Meds for depression can be helpful if you are doing the inner work to make sure you’re not putting tape on a crater.
 
I was discussing this with 2 of my girlfriends a couple of weeks ago. I experienced this type of weirdo behavior once years ago..

Sad... but women have to "LET GO OR GET DRAGGED" when the signs are there. That's been my favorite dating advice to all my girlies..

The comments are spot on.

 
I think Im finally in a place where I am ok with being single. It was rough for a while, but I'm starting to enjoy life.

Anywho, I had a date this past Saturday. Don't get too excited, lol.

He was a nice looking older man. 15 years my senior, to be exact.
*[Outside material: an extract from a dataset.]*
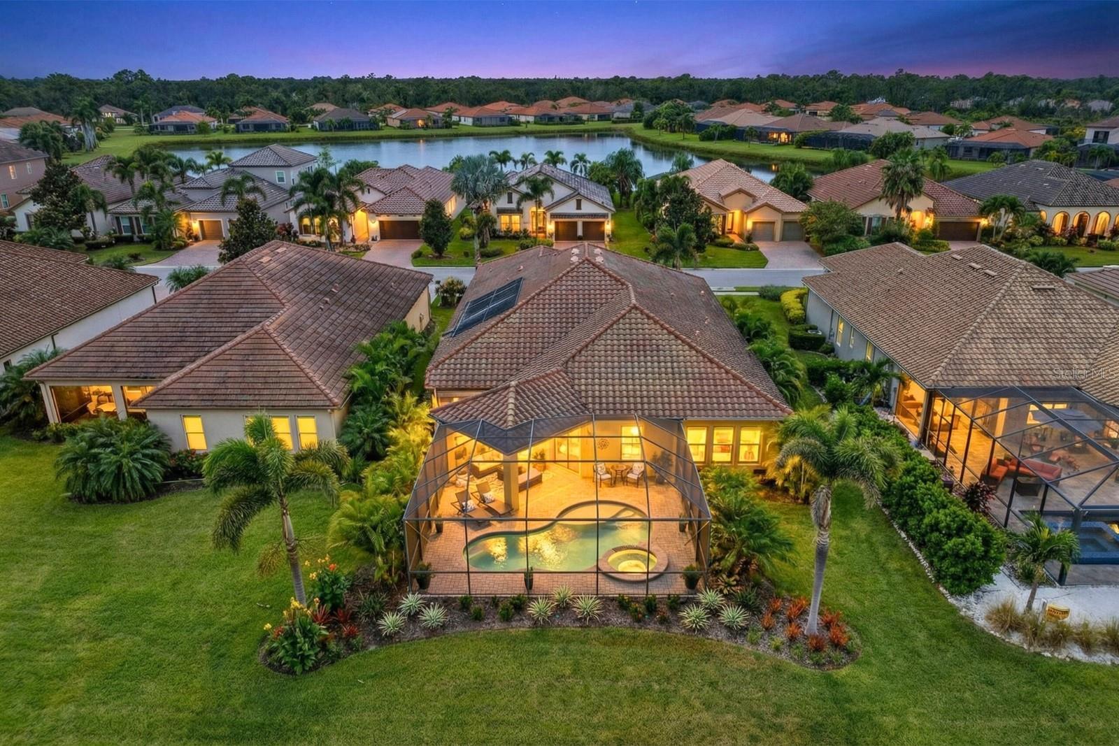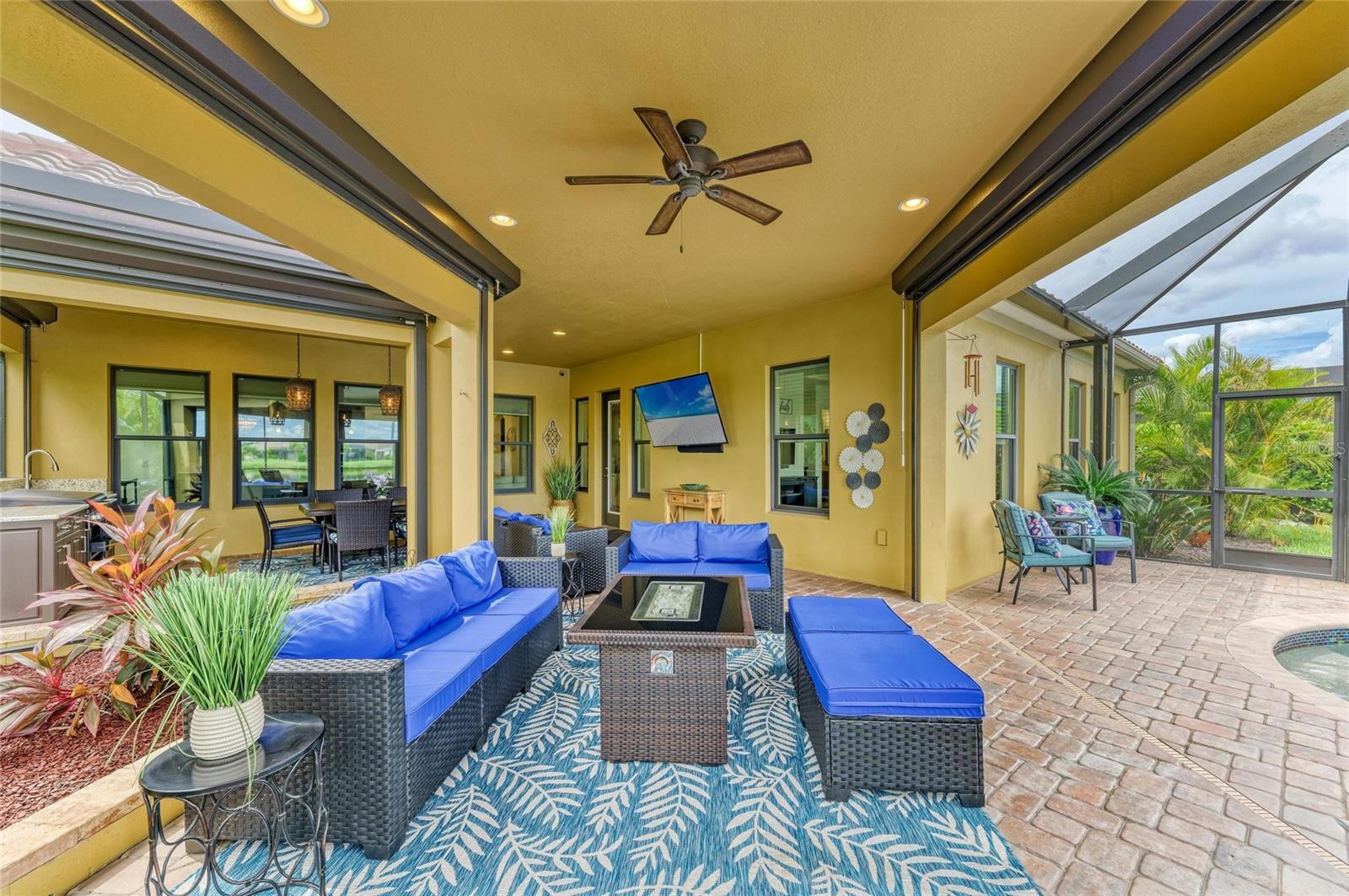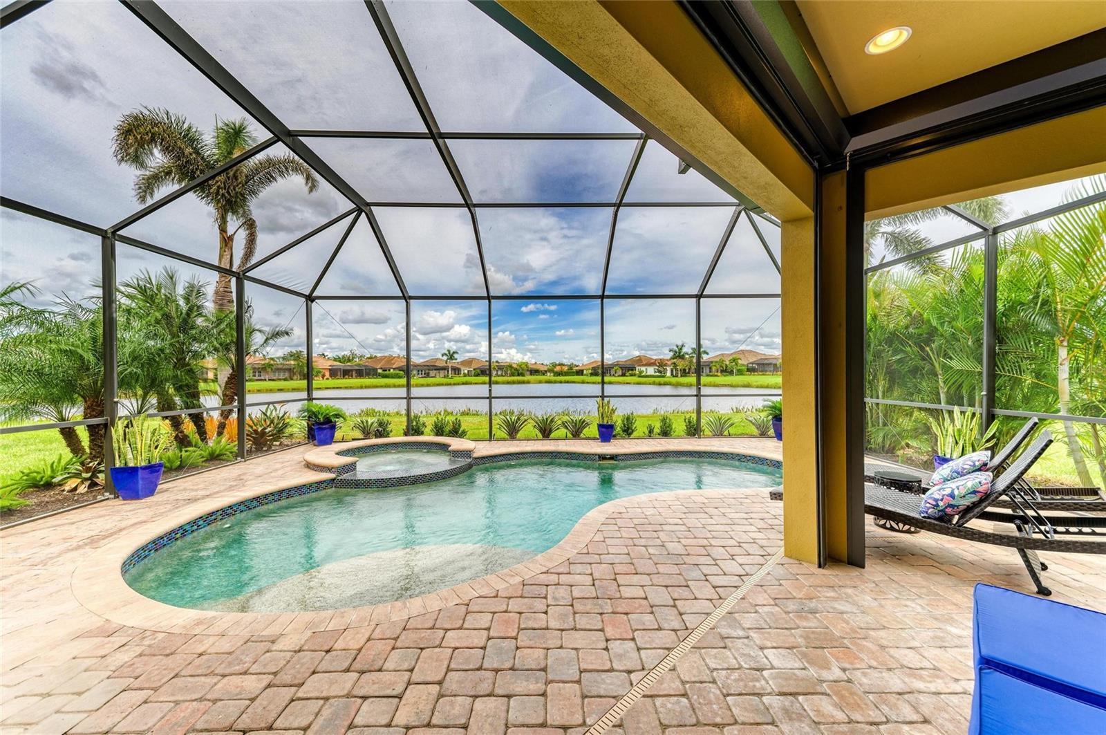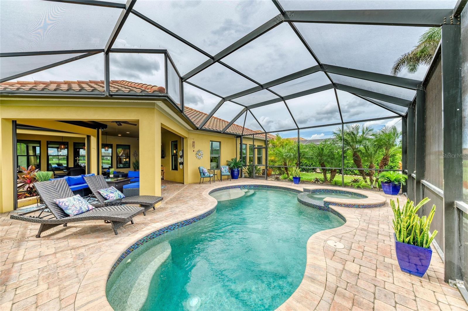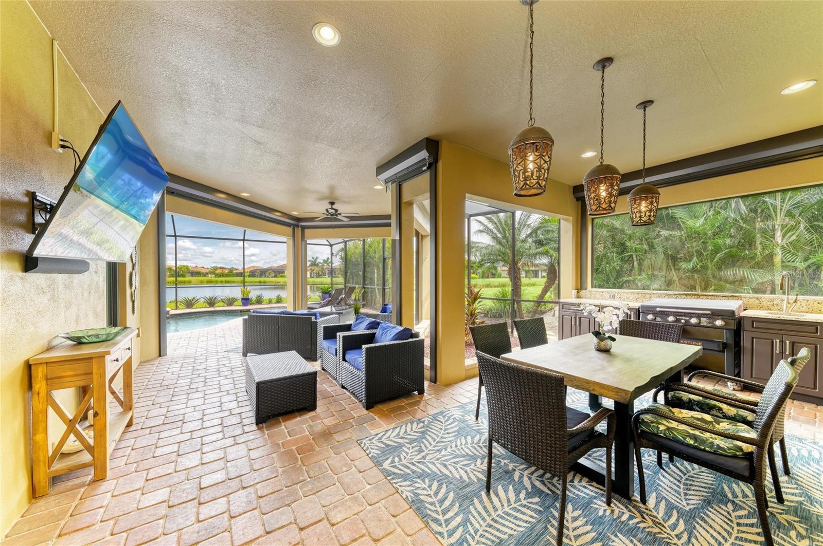 Why wait to build? This stunning Siesta floor plan is loaded with premium upgrades that would cost thousands more today—plus it’s move-in ready! This 3BR, 2.5BA plus den residence offers impact-resistant windows & doors, so no more hassle with heavy shutters. The expansive great room showcases a custom stone entertainment wall with cabinetry and fireplace, coffered ceilings, crown molding, and wood-look tile flooring, creating a warm yet elevated living space. The chef’s kitchen impresses with its extended island, espresso wood cabinetry, granite countertops, backsplash, stainless appliances, wall ovens, gas cooktop, and walk-in pantry—perfect for hosting. Step outside and enjoy true Florida living with a solar-heated saltwater pool & spa overlooking wide lake views, along with a complete outdoor kitchen featuring a Blackstone grill, sink, refrigerator, and polymer cabinetry. Added peace of mind comes with electronic hurricane shades enclosing the entire covered lanai area. The oversized primary suite provides a luxurious retreat with a free-standing soaking tub, Roman shower, and a massive walk-in closet. Two additional bedrooms share a convenient Jack & Jill bath, while the den offers flexible space for a home office or media room. The home also features an expanded laundry room, and an enlarged garage with a 4’ extension and epoxy flooring. The curb appeal is unmatched with enhanced landscape lighting, expanded driveway, screened front entry, paver porch, and meticulous upkeep. Rosedale offers something for every lifestyle—whether active or relaxed. Social membership includes tennis, bocce, fitness center with classes & trainers, junior Olympic pool, 22,000 sq. ft. clubhouse, and full-service restaurant with year-round events. Optional golf memberships are also available. HOA fees include cable, internet, lawn care, two 24/7 manned gates, and dog parks. Located just east of I-75, close to UTC, Sarasota/Bradenton airport, top-rated medical facilities, restaurants, and world-class beaches. No CDD fees! Schedule your tour today and experience Rosedale living.

We really vibed online and over the phone. So, for the first time in a while, I was looking forward to meeting him. Even though we had a nice date (we went to Chelsea Market in NYC) I realized that our values were much different than each other's.

The biggest issue is that he was "open to marriage" and "kind of seeing" where things would go. Whilie I, OTOH, know exactly what I want. The may not seem terrible, but IME, if a guy is just seeing where things go, then he's not serious about me, or dating, really. Been there, done that, so no thank you.

I tried to help him redeem himself by asking what his ideal relationship looks like. He told me in so many words that he doesn't know :nono:

Bruh, so why are we here??

Y'all, I haven't met a dud in sooooo long that I truly couldn't believe it. I thought that maybe there was more to him / it, but nah. Ah well.